At some point, manually labeling every example doesn’t scale. That’s when you need an automated evaluator to do the heavy lifting for you.

Iteratively Build Your Evaluator

You have been labeling by hand. That worked for the first 50–100 examples, but now you want to evaluate thousands of traces automatically. You need an evaluator. This is a system that can judge outputs without a human in the loop.

The key insight is to build it iteratively using the human-labeled data you have already collected, rather than designing evaluation criteria from scratch.

Before building your evaluator, split your labeled dataset into subsets:

Train: The examples you will use to build and tune your evaluator (e.g., as few-shot examples in your LLM judge prompt).
Dev: The examples you will use to check whether your evaluator is working while you iterate on it.
Test: The examples you set aside and never touch until you are ready for a final evaluation of your evaluator’s quality.
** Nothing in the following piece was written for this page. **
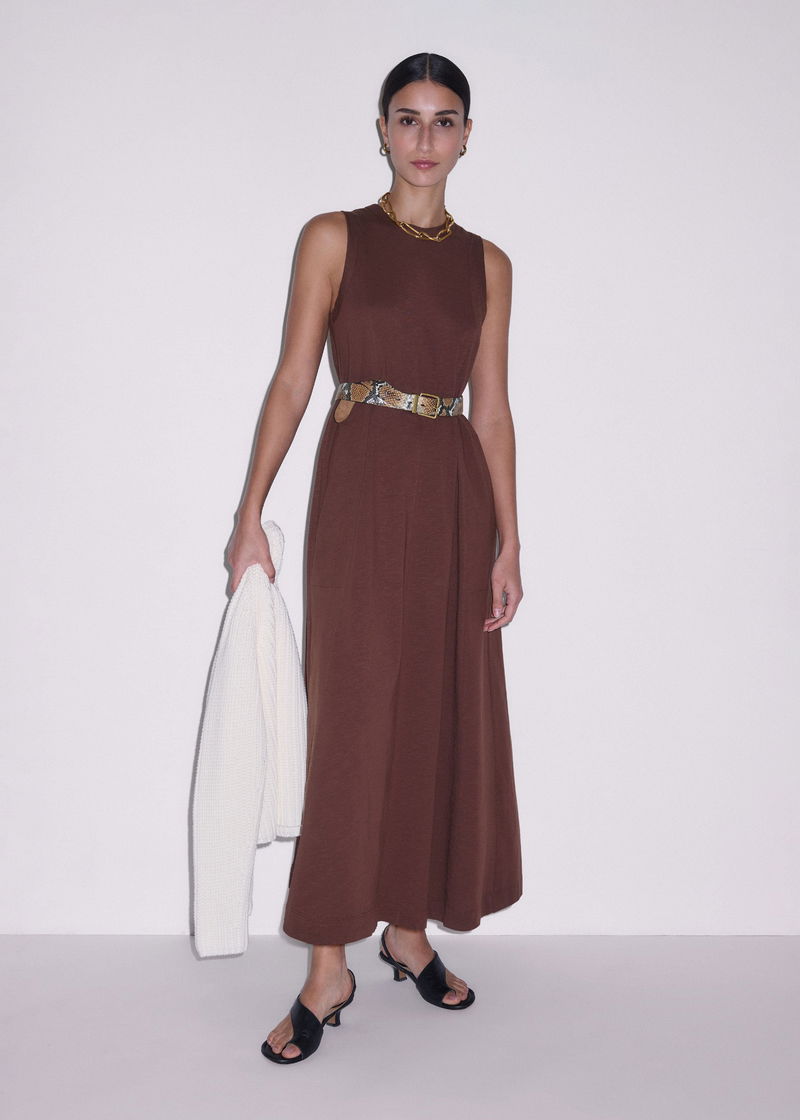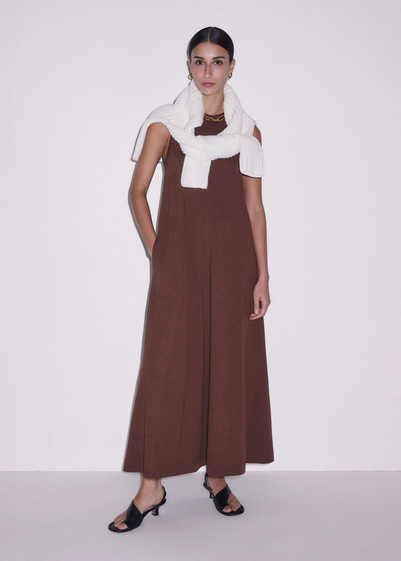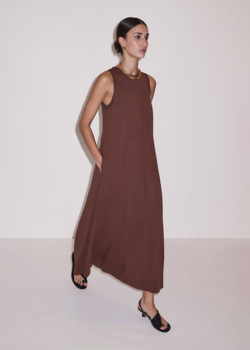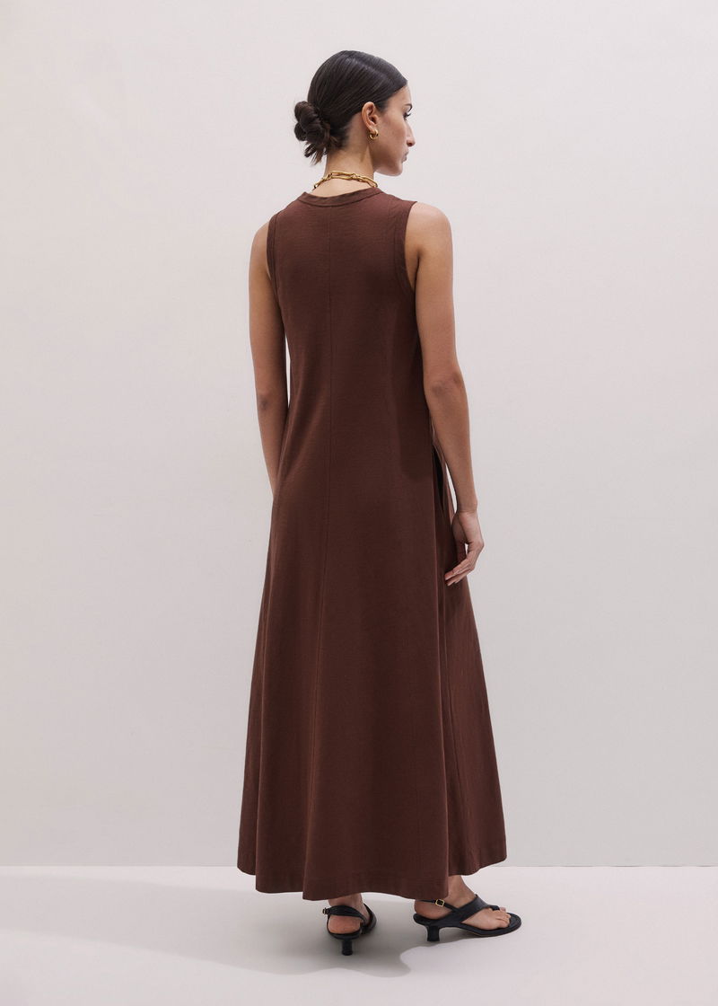 ME+EM's Cinnamon Brown Maxi Swing Dress is crafted from midweight cotton jersey with a soft, slubbed texture.

We will cover the details of how to split effectively and how to evaluate the evaluator’s effectiveness in Article 5. For now, the key idea is: do not train and test on the same data. Exactly how we do when training any other AI model.

Due to the nature of AI app outputs, which are non-deterministic, unstructured, and subjective, the most popular approach is to use an LLM to grade another LLM’s output. This is known as an “LLM judge” or “LLM-as-a-judge”.

At this stage, build one binary LLM judge that runs across your entire dataset. Think of it as a binary classifier: for each trace, it returns Pass (1) or Fail (0) plus a critique explaining its reasoning. Not a 1–5 scale. Not a letter grade. Just pass/fail with a written justification. This mirrors exactly what your domain expert did during manual labeling.

Binary judgments are clear, actionable, and easy to aggregate. A score of “3.2 out of 5” is hard to interpret and even harder to act on. Pass/fail forces clarity and creates actionable insights.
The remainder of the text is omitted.